Healthy appetite for Yorkshire restaurants ahead of Christmas period
Yorkshire’s hospitality sector has continued to perform strongly ahead of the busy Christmas period with the latest research from insolvency trade body R3 revealing, for the second consecutive month, the level of restaurants at higher than normal risk of insolvency has fallen, which outperforms the UK average.
The results highlight that the proportion of Yorkshire restaurants with a higher than normal risk of insolvency in November fell by nearly 0.5% to 38%, faring better than the UK sector as a whole, which saw 40% of restaurants at higher than normal risk – representing a decrease in risk of around 0.2%.

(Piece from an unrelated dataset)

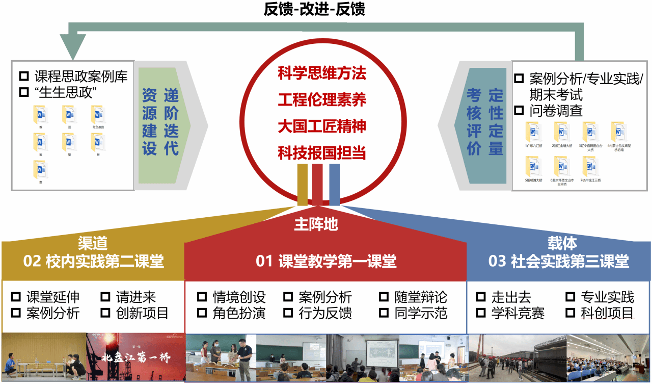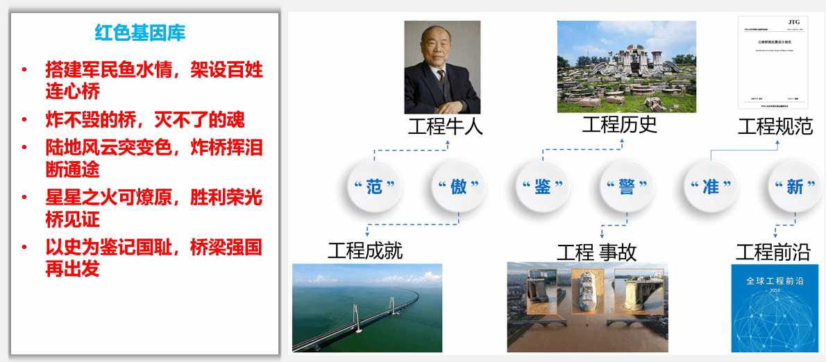 建立了基于OBE的教学设计和7个课程思政案例库(“范”、“傲”、“鉴”、“警”、“准”、“新”)和桥梁红色基因库(着眼于挖掘和运用桥梁所蕴含的红色资源铸魂育人,分成5个模块,选取了具有代表性的32座桥梁),创新性的提出了三堂联动思政育人模式。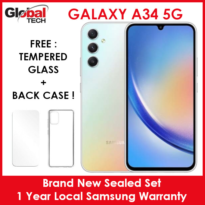 Samsung Galaxy A34 5G 128GB Rom + 8GB Ram / 1 Year Local Samsung Warranty (FREE : TEMPERED GLASS + BACK CASE)

Restaurants tend to have one of the highest insolvency risks of the sectors tracked.
These latest figures show that 1,114 of the region’s 2,988 active restaurants are considered to have a higher than normal risk of insolvency. This makes the region’s restaurant sector the fifth best performing of the 12 regions surveyed across England, Wales, Scotland and Northern Ireland.
Adrian Berry, chair of R3 in Yorkshire and restructuring partner at Deloitte LLP, commented: “These latest figures show that the region’s restaurants are entering their busiest time of the year in a relatively healthy position which is particularly reassuring as January is traditionally a tough time in the sector. In the New Year, not only do restaurants tend to suffer from a curb in consumer spending after festive excesses, they are also faced with the challenge of rent quarter day.
“We are fortunate that the region is well-served by a varied restaurant scene and, notably, has the largest number of Michelin starred restaurants of any county. Added to that, recent announcements from a number of highly acclaimed restaurant operators that they will be opening new ventures in the region means the outlook for 2016 looks promising.”
Overall, November was a poor month for recovery across most sectors in Yorkshire and across the UK. The restaurant sector was one of only two sectors in Yorkshire which saw a fall in levels of distress month on month, the other being transport and haulage, which saw a substantial drop of 3.5% since October compared with a UK-wide rise of 1%. Nationally, only the restaurant sector saw a fall in firms at higher than normal risk of insolvency.
R3 uses research compiled from Bureau van Dijk’s ‘Fame’ database of company information to track the number of businesses in key regional sectors that have a heightened risk of entering insolvency in the next year.